Stella Adler circa 1934

Stella Adler circa 1934

Her name was Stella Adler and she was born into the theatre. Her father Jacob came to America with the Yiddish theatre from Russia.  Together with his third and last wife, Sara, he created a theatrical empire in New York’s Lower East Side that rivaled Broadway in opulence and popularity. Their children were put on the stage as soon as they could walk. In the Yiddish theatre actors rarely married outside the profession.  Love affairs, friendships and rivalries ignited and came to a close with each theatrical season. It was a bohemian, yet privileged lifestyle, no where better typified than through Jacob and Sara. They exuded elegance in their dress, speech, and carriage. They were stars of the stage, heroes among the people of the Jewish ghetto where they performed.

Though her life was in the Yiddish theatre, Stella also attended public school, which illuminated the stark differences between normal parents and her parents.  One day while walking home with her classmates, Stella spotted her mother promenading the same street. Sara Adler wore a wide-brimmed hat and furs around her shoulders, looking so elegant Stella was embarrassed to introduce her schoolmates “because they had just mothers, and here was this queen walking down the street.” Feeling a need to belong, Stella contrived an “ordinary” life, telling the other children that she lived in a walk-up flat where her mother made cookies.  She promised to invite them over. While most little girls played with dolls, Stella spent long hours in cold and darkened theatres rehearsing her lines.

On any particular night, Stella might have two engagements in one evening.  She would play a peasant girl in the first act at the Thalia Theatre on the Bowery before changing costume to be whisked off to portray an ailing son in another playhouse across town. By age eight, she was a seasoned professional. She knew her lines, she knew her part, she showed up to rehearsals, and took the platform on cue.  The theatre was a bustling and chaotic playground in a tumultuous city, but even a little girl could find a quiet room backstage to stop and cry her eyes out, even if she didn’t know exactly why.
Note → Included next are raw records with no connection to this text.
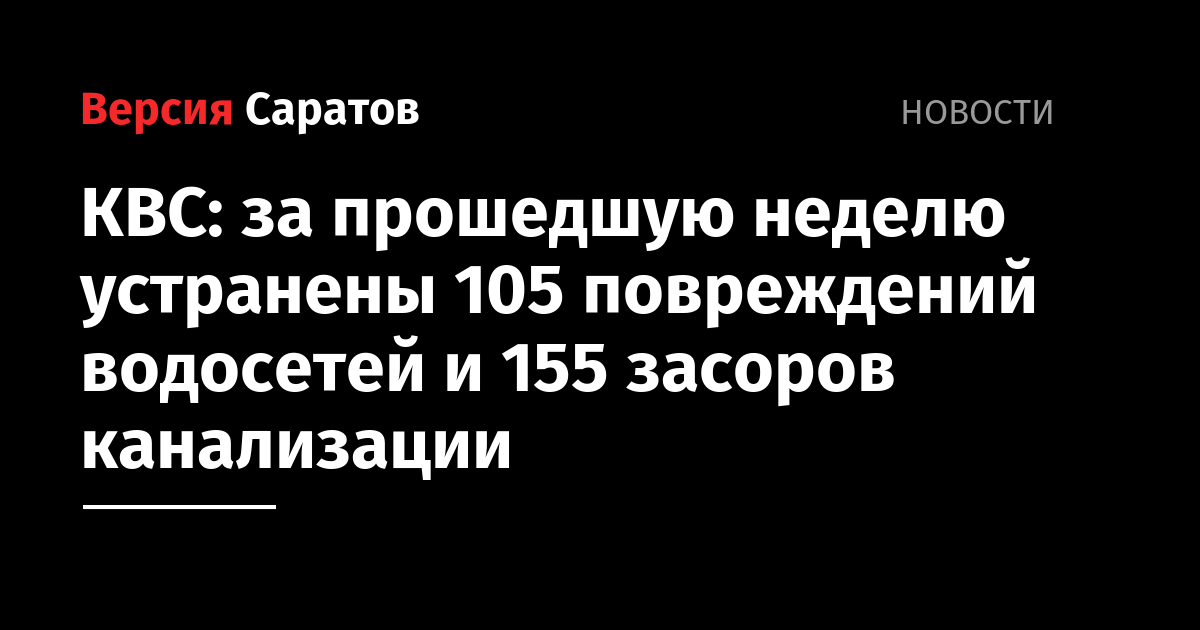 За период с 6 по 13 февраля специалистами ООО «КВС» устранены 105 повреждений городских водопроводных коммуникаций. В 11 случаях для проведения работ было необходимо временно ограничивать холодное водоснабжение потребителей. 25 повреждений произошли на трубах малого диаметра (менее 100 мм). 75 течей устранены на водоводах от d100 до d300 мм (в основном — внутридворовые, внутриквартальные сети), 5 повреждений ликвидированы на трубопроводах диаметром больше 300 мм. За неделю отремонтированы 5 пожарных гидрантов и 2 водоразборных колонки (ВК), заменена 1 ВК.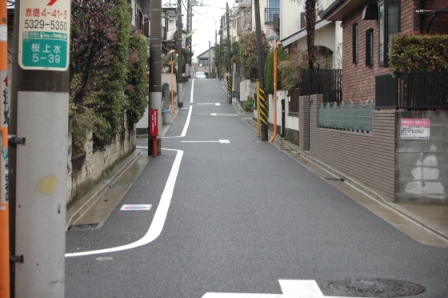 昨年、隣の桜上水の街に住んでいた、タッピングさんご一家を記念して、「タッピング坂」と命名して、標識を出しますということをお聞かせ頂いたが、その確認に行ってみるとすでに標識が立っていた。左の写真であるが、立派な標識である。坂の様子は下の写真である。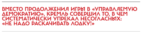 Возможно, так оно и есть, но это уже не имеет значения. Потому что вместо продолжения игры в «управляемую демократию», Кремль совершил то, в чем систематически упрекал несогласных: «Не надо раскачивать лодку!» Путин неожиданно для всех резко присвоил себе «повестку дня» оппозиции и не просто «качнул лодку», а взял и резко накренил весь «Титаник» на один борт.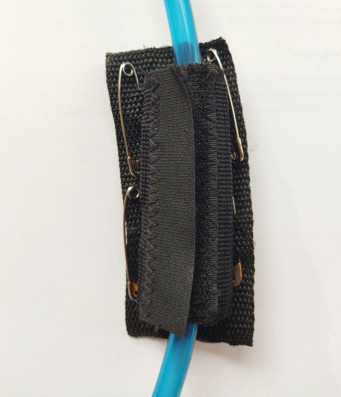На кусок широкой капроновой ленты нашил скрутку из липучки, куда внутрь прячется-укладывается трубка. Лента крепится на стартовый номер булавками в любое место - как правило чуть слева вверху.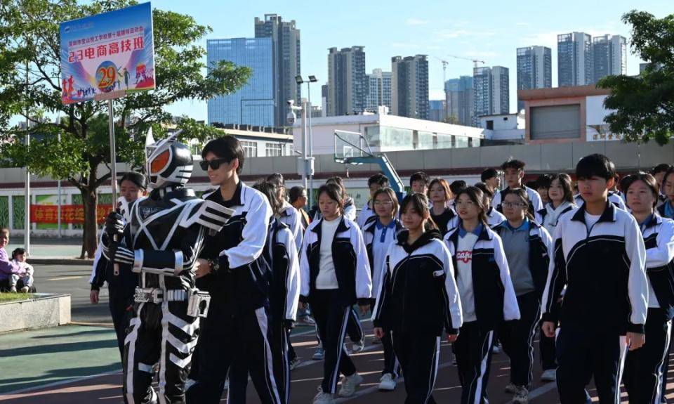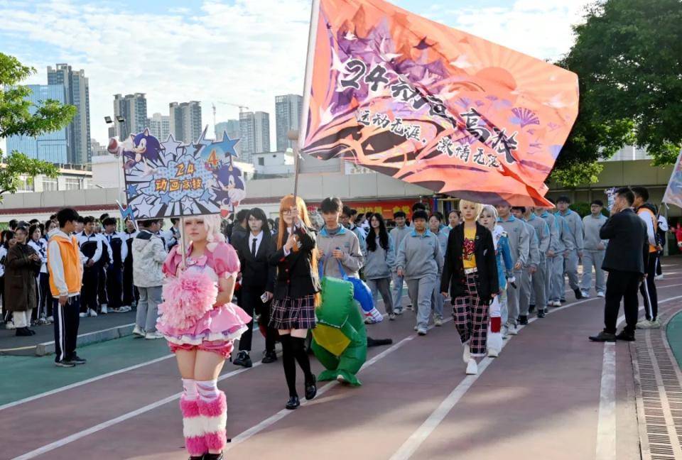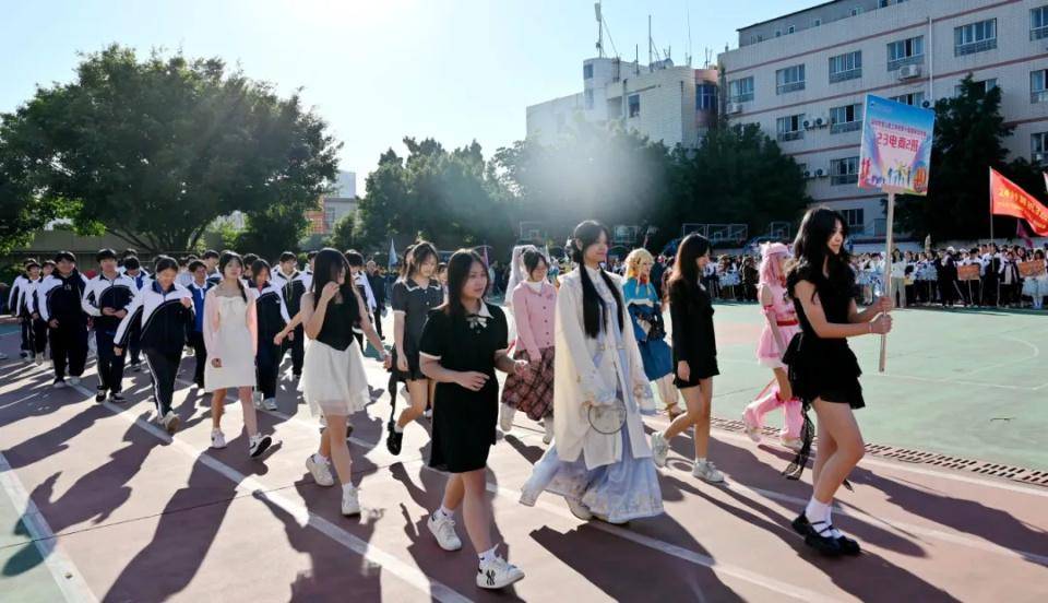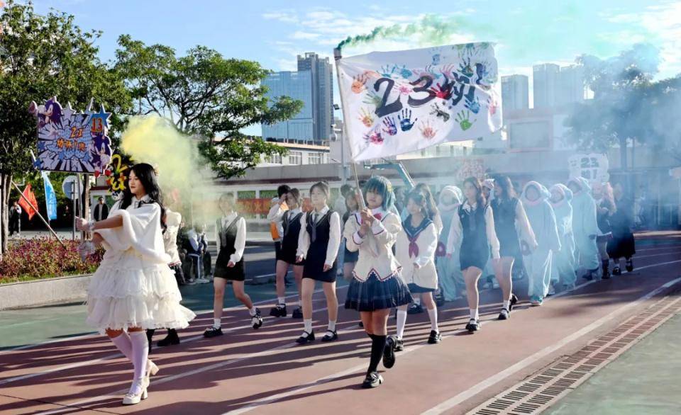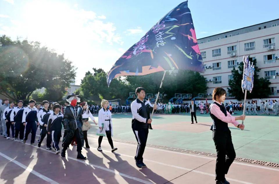 全校学生以班级为单位,各班方队带着本专业的特色,在开幕式解说员的解说下,依次入场。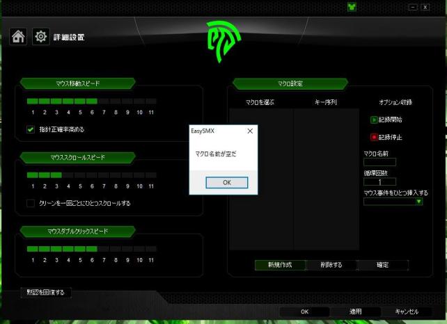 記録しようとすると、『マクロ名前が空だ』という、謎の日本語が表示されるだけで設定が出来なかった。

In the Introduction to her father’s memoirs, Stella wrote, “My first feeling of self, my first true consciousness was not in a home . . . but in a dressing room.”  Training, rehearsing, and acting became the conduits through which Stella experienced approval and love.

On the Lower East Side, the Yiddish theatre was the largest immigrant-run industry. Photographers set up shops for everything from playbills to star portraits. Each season demanded period costumes for historical spectacles and biblical operettas. Music stores opened shop in theatre lobbies. Private teachers launched studios to teach dancing and instruments. Even a Yiddish acting school opened, although as one Yiddish newspaper reported, “precisely what they taught remains a mystery.”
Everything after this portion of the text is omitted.